Our stage players are real life characters: W.E.B. Du Bois was an intellectual activist, committed to the end of segregation even if it meant giving over his own family to the cause. The young Yolande Du Bois was, essentially, a vehicle for her father’s ambitions, but she had her own ideals, misguided and misdirected though they might have been in the beginning. And is it truly misguided to put duty before love, especially when you’ve been raised to expect certain luxuries in life? First class trips to Paris? Necessary. Equality for black men and women? Absolutely necessary. Romance, passion, someone to talk to in the dark? Those are the things Yolande thought she could afford to give up.

With questions like that, Charles Smith’s play could have easily translated as a tad overwrought, what with the characters’ frequent flights of high-minded, tongue-twisting fancy.  Instead, in the steady hands of director Tre Garrett, we are afforded a crack at history, a fictional extrapolation on the society wedding of Yolande to the poet Countee Cullen. Cullen was a mentee and close friend of Du Bois (Dennis Raveneau) who spoke to the people in a different yet similarly affecting way. Yolande (Whitney Coulter) is 26, beautiful, and enjoying the courtship of two different men who entice her to leave the most important man in her life—her veritable giant of a father, who she adores while simultaneously vilifying her somewhat batty mother (Barbara Woods, affecting and funny). She revels in the attentions of promising bandleader Jimmy Lunsford (Oris Phillip Jr.), a rough-and-tumble scrapper with a heart of gold, but ultimately decides to marry the more prominent and proper Cullen (Christopher Piper). Their union becomes the social event of spring, 1928, but the story doesn’t end with happily ever after. In fact, we’re more concerned with the ‘before’ and the plain old, not so happy ‘after’.

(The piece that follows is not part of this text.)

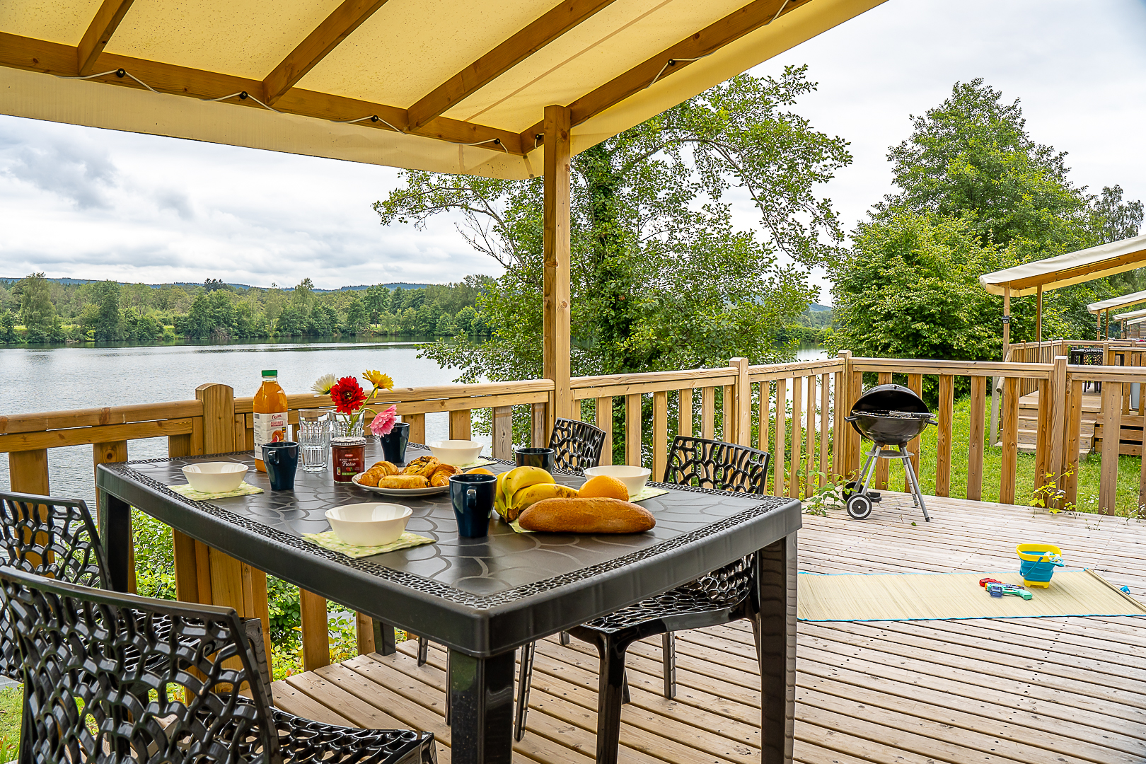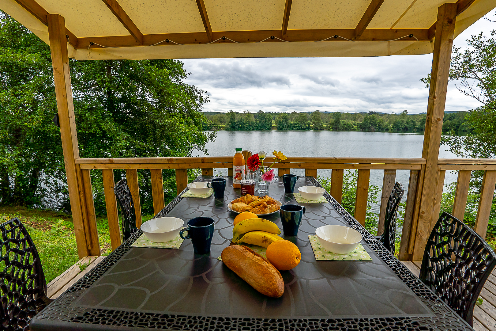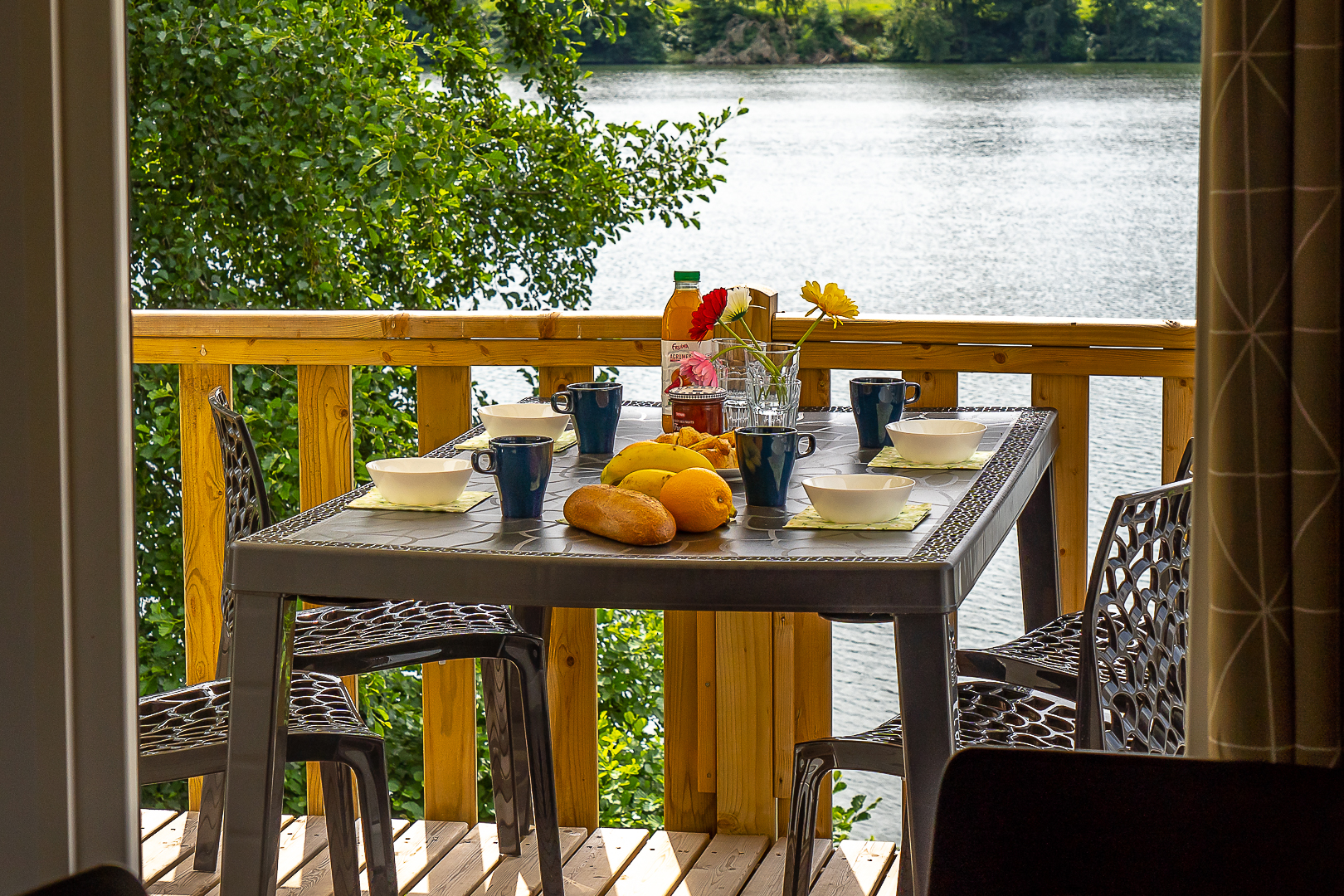 Petit-déjeuner en terrasse avec vue sur le lac

Lights, by Nikki Deshae Smith, and the one-room set, by Michael Pettigrew, function beautifully to reveal the essential bits of Harlem: Du Bois’s study, the sidewalk, places where history was made and changed. It’s easy to get caught up in the sheer drama of it all, since there’s an assumption that we already have a basic idea of who these people are and why we’re watching this brief sliver of time, and we’re working with serious, relevant issues of identity and race. But Garrett and the actors find real vitality (and delight) in the smaller characters, such as Yolande’s friend Lenora, played by an electric Thelma Mitchell, and Jimmy, who grows into himself as the man Yolande let get away. Even Cullen, to some extent, exists here only in orbit of the Du Bois family, and Piper plays the conflicted poet with the barest flickers of emotion, hanging on to his secret by a few tightly wound threads. Watching and listening to these characters dig into and sometimes forfeit their lives makes us ponder what dreams of our own we might either hold tight or let go.